INSTRUCTIONS TO FOLLOW – Go to the line with "サイド部分には同系色のフェザ" in the material below and copy from there through the line with "Avant de conclure", exactly. Pictures are not copied.

MATERIAL FOR THIS TASK –
_ _ _ _ _

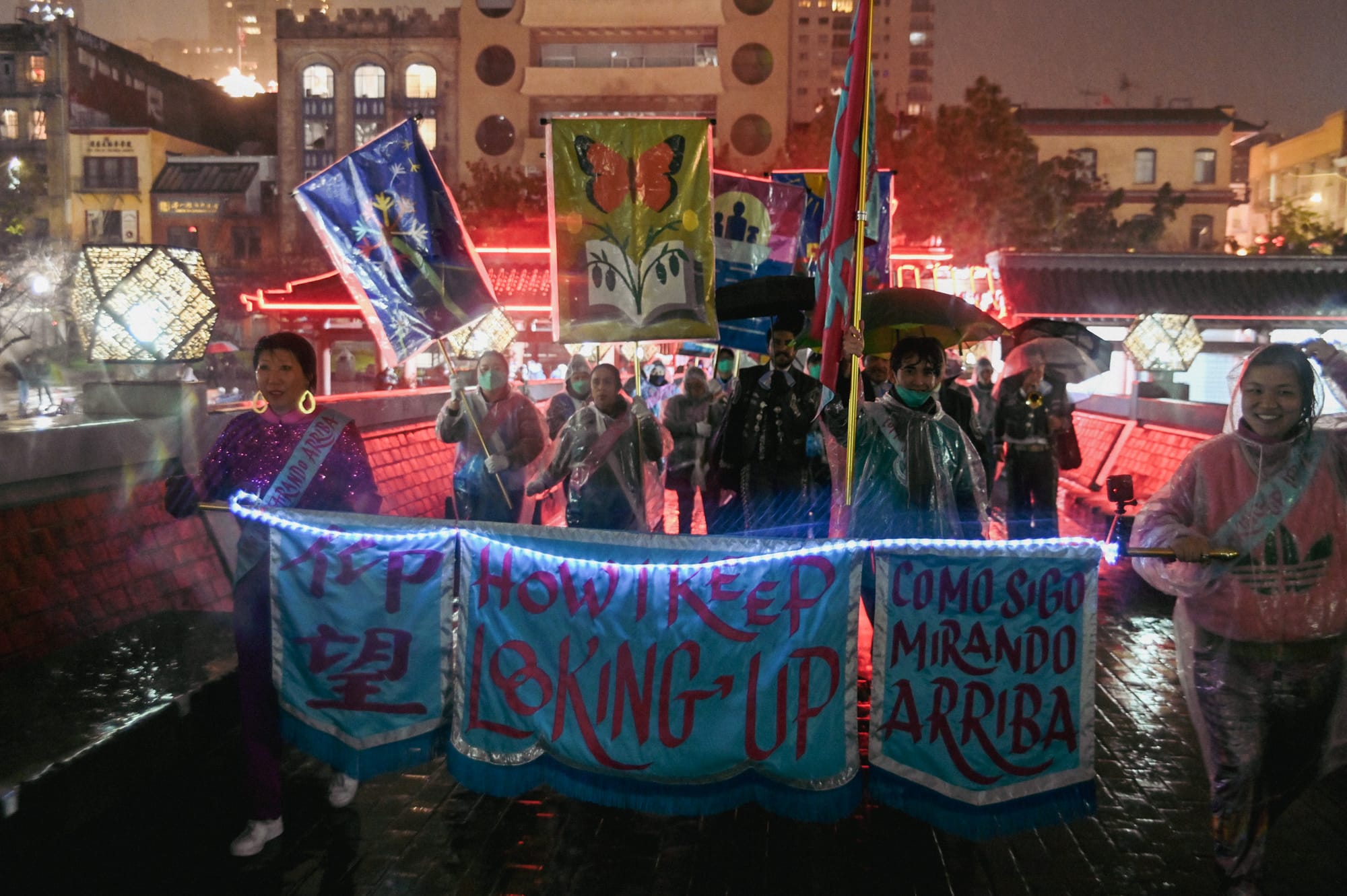 After the parade celebrating the Year of the Rabbit, the women followed a mariachi band into the banquet room of the Chinese Culture Center (CCC), a collaborator on the project How I Keep Looking Up/Como Sigo Mirando Hacia Arriba/仰望. Donning rain ponchos and proudly holding up their flags, they were greeted with cheers and applause. Artist Christine Wong Yap, slightly damp in the pink sequin top she had worn to march in, stood with them. Yap conceived of How I Keep Looking Up a year ago, holding workshops in Spanish, English, and Chinese as well as one-on-one meetings with the women for the last six months.
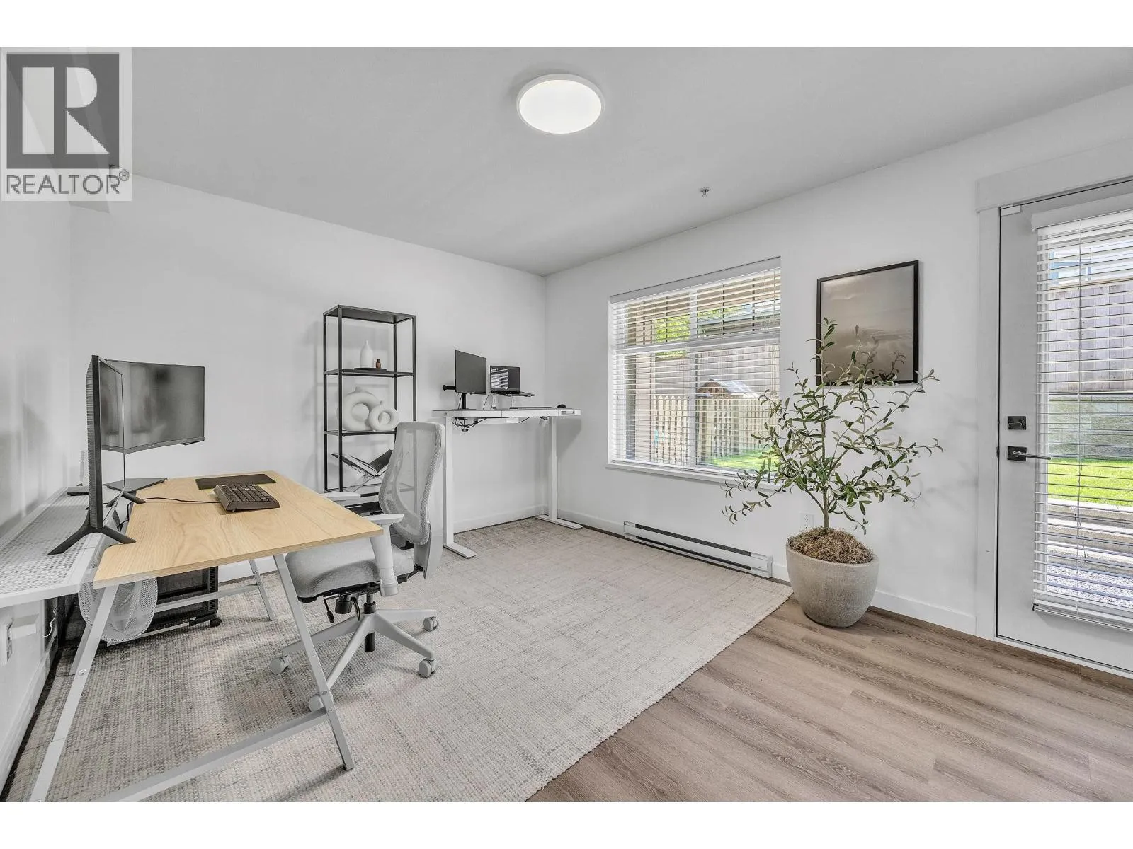 Gorgeous end-unit townhouse at Trellis by Quantum Properties. Three bedrooms up plus a flex/bedroom below with its own entrance to a private fenced garden-perfect for kids or pets. Over 400 square ft of outdoor space west facing grass yard and upper balcony off the living room. Main floor offers open living/dining, a bright kitchen with nook, and large windows. Upstairs features two full baths, including an ensuite and walk-in closet in the primary. Well-maintained home in a family-friendly complex with easy access to parks, schools, transit, lookout beach and major routes.Call your trusted Realtor. Don't miss out! Come to view the home at this weekends Open house Nov 15, 16,9 Sat 2-4pm & Sun 2-4pm (id:27476)
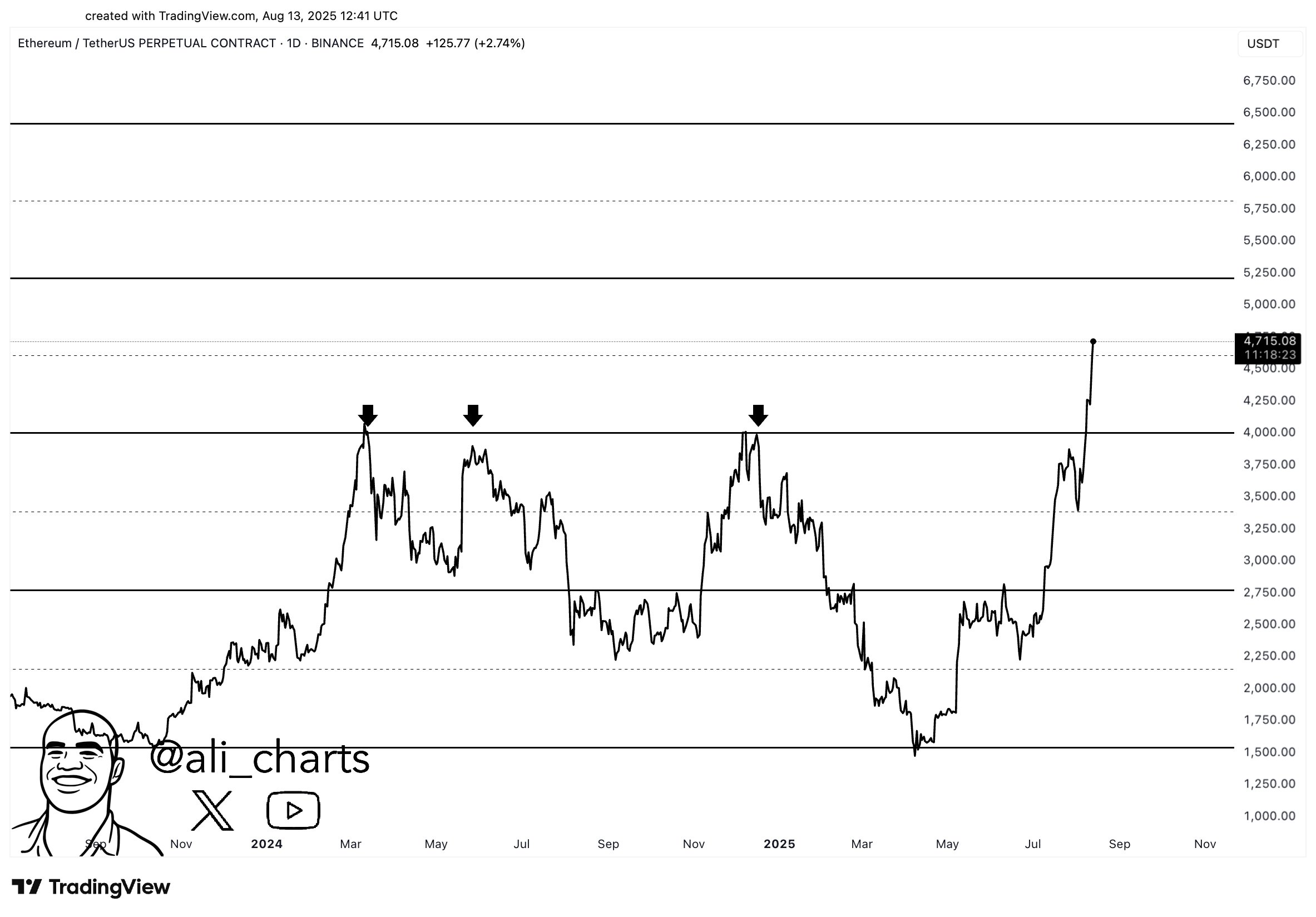 El ATH de Ethereum de 2021 es de $4,868, y recientemente alcanzó un pico diario de $4,750. Esto lo acerca al récord, a solo $138 de distancia. Un pequeño aumento trasladaría el descubrimiento de precios a un territorio desconocido, con $5,000 apareciendo como un objetivo alcanzable. Las firmas de tesorería cripto institucionales que anunciaron compras y la planificación de venta de acciones provocaron el aumento de Ether esta semana.
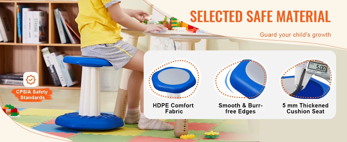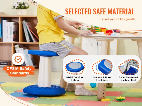 Built for Safety: Your child's safety is our top priority. Made from high-quality, CPSIA-certified HDPE material, this wobble stool features smooth, burr-free edges to prevent bumps and injuries. The 5mm thickened seat cushion ensures maximum comfort for long sitting sessions.
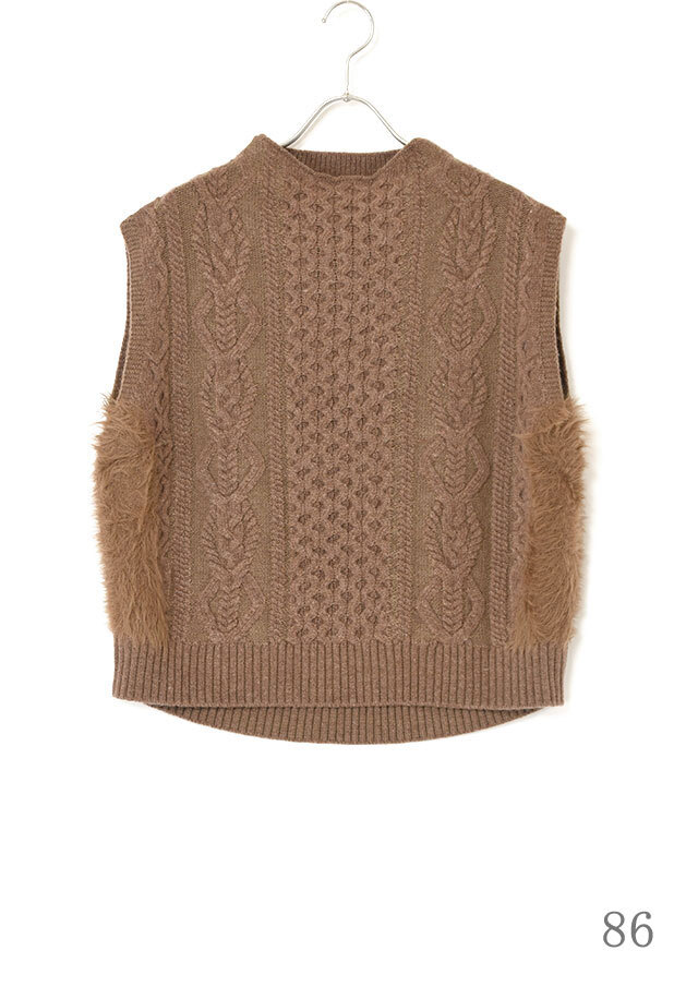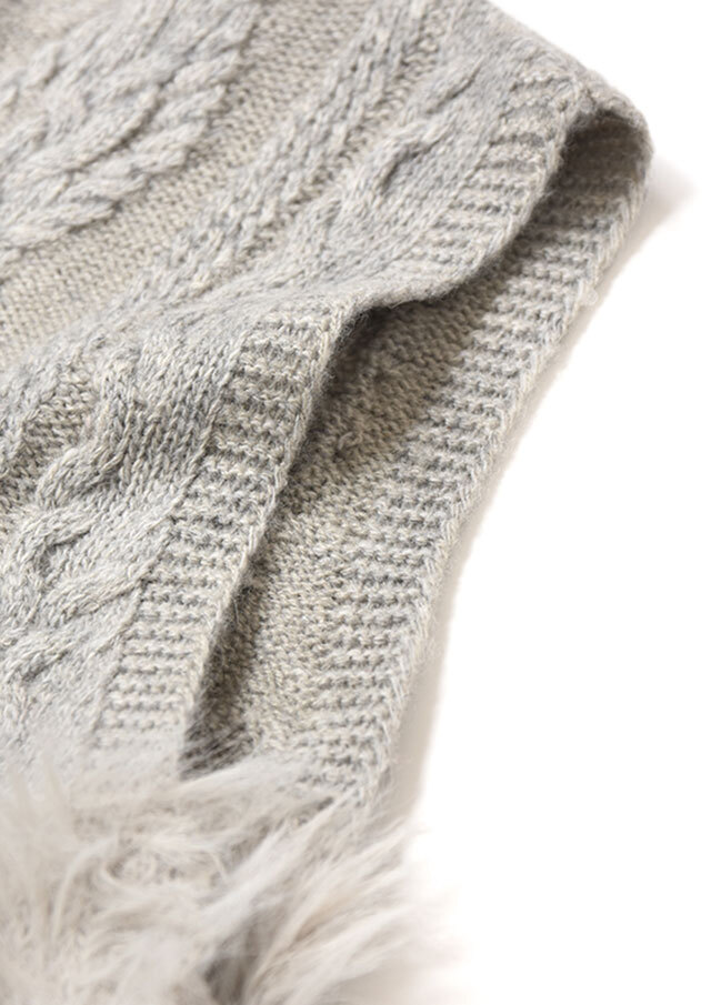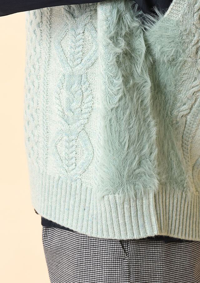 サイド部分には同系色のフェザーヤーンで切り替えを入れ、さりげないカラーブロックのニュアンスをプラス。
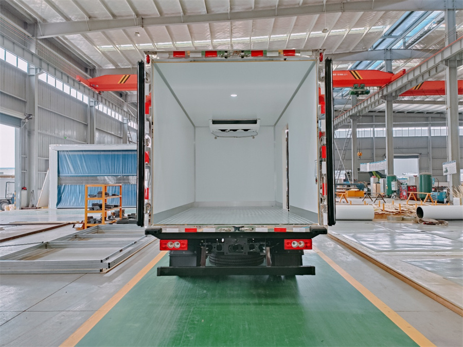 廂體采用內(nèi)外玻璃鋼材料制作,中間夾層為高密度保溫材料,用真空復合一次成型,表面光潔平整,強度高,使用壽命長,廂體邊緣采用優(yōu)質(zhì)鋁合金包邊和專用密封膠處理,具有重量輕、保溫、密封效果好等特點。門框鎖件為不銹鋼材質(zhì),門四周用一次成型密封條密封,廂體外形平整美觀,車廂頂部加以雨檐,避免下雨天雨水對車廂的浸泡,延長廂體使用壽命,車廂內(nèi)配有人性化照明系統(tǒng)。穩(wěn)固性和氣密性是普通冷藏車廂體不可比的,并且具有質(zhì)量輕,抗沖擊力強,無滲透等優(yōu)點。配備國產(chǎn)580制冷機組。
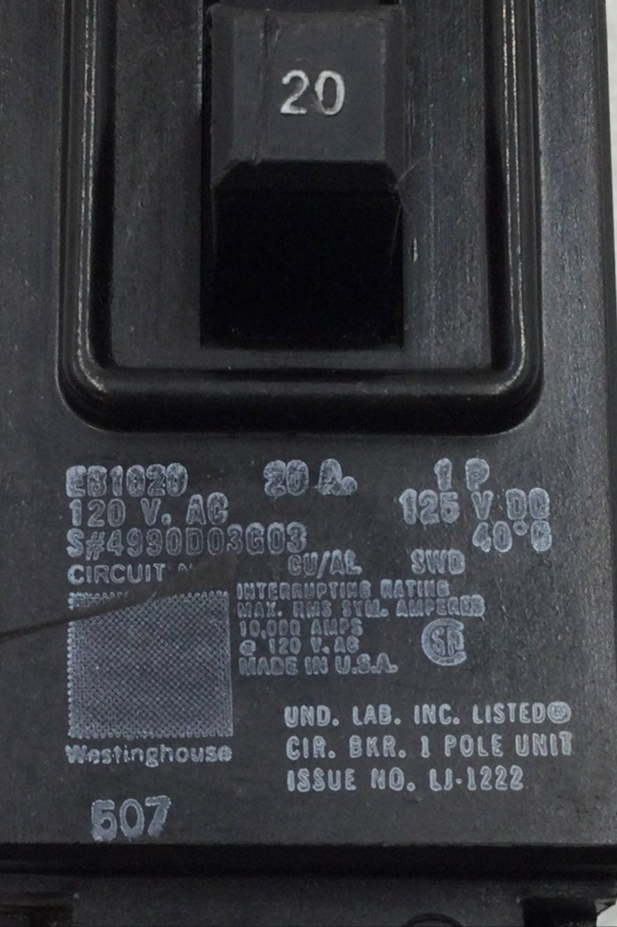 Westinghouse EB1020 20 Amp 1 Pole 120V Circuit Breaker
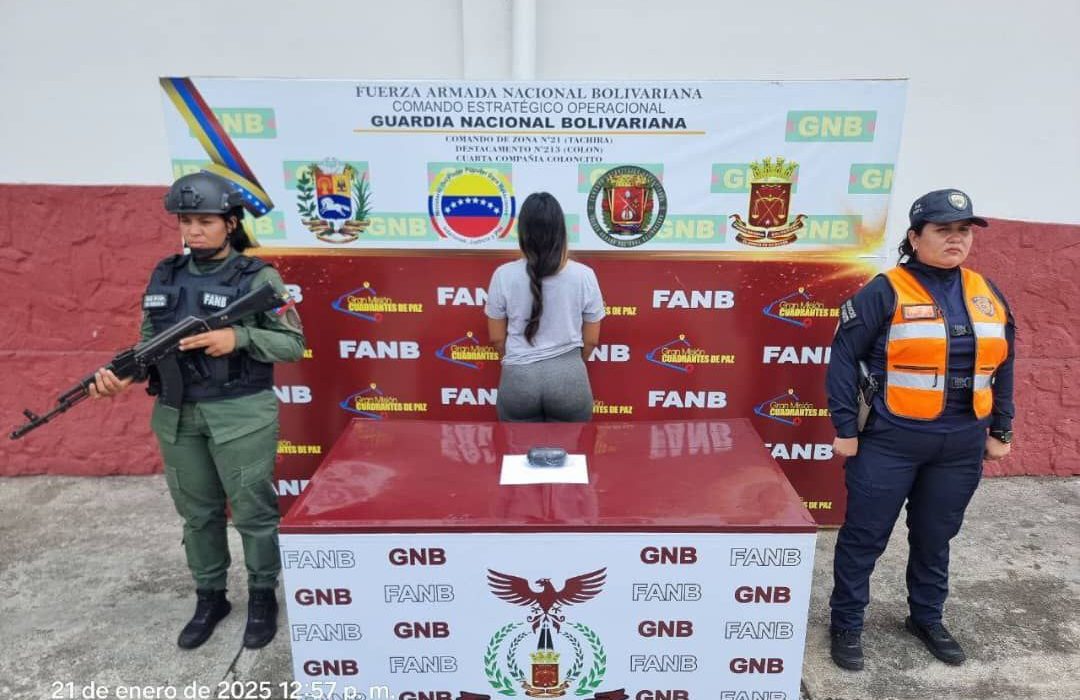 Una mujer fue detenida por efectivos de la Fuerza Armada Nacional Bolivariana, en Coloncito, municipio Panamericano, cuando trataba de transportar droga en sus partes íntimas.
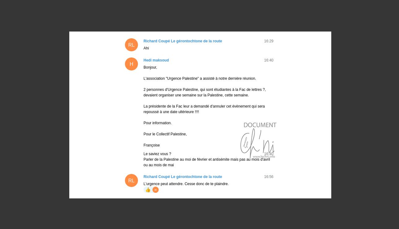 Avant de conclure en renvoyant aux manifestations, conférences, films, assurant « avoir réussi de très belles choses ensemble » (lire son retour complet). Mais sans jamais expliquer comment des individus si « infréquentables » se retrouvent encore dans les réunions et cortèges du « collectif Palestine ». Quant aux autres composantes du « collectif Palestine » de Besançon, aucun·e signataire n’a jugé utile de s’exprimer spontanément sur la situation, que ce soit « la France Insoumise », « les Écologistes », la « Ligue des Droits de l’Homme », la « Fédération Syndicale Unitaire », « Génération·s », ou « Ensemble ! ». Ailleurs, les choses évoluent quand même… Via un mail du 24 octobre 2025, la section « ATTAC » de Besançon nous informe ainsi que « certains membres du CA ont décidé de ne plus se réunir en présence de Hedi M[aksoud] et d’organiser nos actions sans lui à cause de ses excès et de ses dérives répétées au moins depuis une année ».
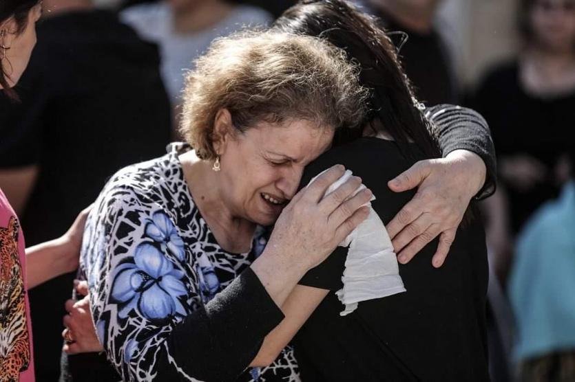 وقرعت الكنيسة أجراس الحزن، قبل أن يترأس المطران أليكسيوس صلاة الجنازة على الجثامين التي سجّيت في باحة الكنيسة، بمعاونة الأب سيلاس حبيب، وبمشاركة الأب يوسف أسعد من كنيسة العائلة المقدسة للاتين، والراهبات، وجمع من المصلين.

_ _ _ _ _

ANSWER BOX –
 サイド部分には同系色のフェザーヤーンで切り替えを入れ、さりげないカラーブロックのニュアンスをプラス。
 廂體采用內(nèi)外玻璃鋼材料制作,中間夾層為高密度保溫材料,用真空復合一次成型,表面光潔平整,強度高,使用壽命長,廂體邊緣采用優(yōu)質(zhì)鋁合金包邊和專用密封膠處理,具有重量輕、保溫、密封效果好等特點。門框鎖件為不銹鋼材質(zhì),門四周用一次成型密封條密封,廂體外形平整美觀,車廂頂部加以雨檐,避免下雨天雨水對車廂的浸泡,延長廂體使用壽命,車廂內(nèi)配有人性化照明系統(tǒng)。穩(wěn)固性和氣密性是普通冷藏車廂體不可比的,并且具有質(zhì)量輕,抗沖擊力強,無滲透等優(yōu)點。配備國產(chǎn)580制冷機組。
 Westinghouse EB1020 20 Amp 1 Pole 120V Circuit Breaker
 Una mujer fue detenida por efectivos de la Fuerza Armada Nacional Bolivariana, en Coloncito, municipio Panamericano, cuando trataba de transportar droga en sus partes íntimas.
 Avant de conclure en renvoyant aux manifestations, conférences, films, assurant « avoir réussi de très belles choses ensemble » (lire son retour complet). Mais sans jamais expliquer comment des individus si « infréquentables » se retrouvent encore dans les réunions et cortèges du « collectif Palestine ». Quant aux autres composantes du « collectif Palestine » de Besançon, aucun·e signataire n’a jugé utile de s’exprimer spontanément sur la situation, que ce soit « la France Insoumise », « les Écologistes », la « Ligue des Droits de l’Homme », la « Fédération Syndicale Unitaire », « Génération·s », ou « Ensemble ! ». Ailleurs, les choses évoluent quand même… Via un mail du 24 octobre 2025, la section « ATTAC » de Besançon nous informe ainsi que « certains membres du CA ont décidé de ne plus se réunir en présence de Hedi M[aksoud] et d’organiser nos actions sans lui à cause de ses excès et de ses dérives répétées au moins depuis une année ».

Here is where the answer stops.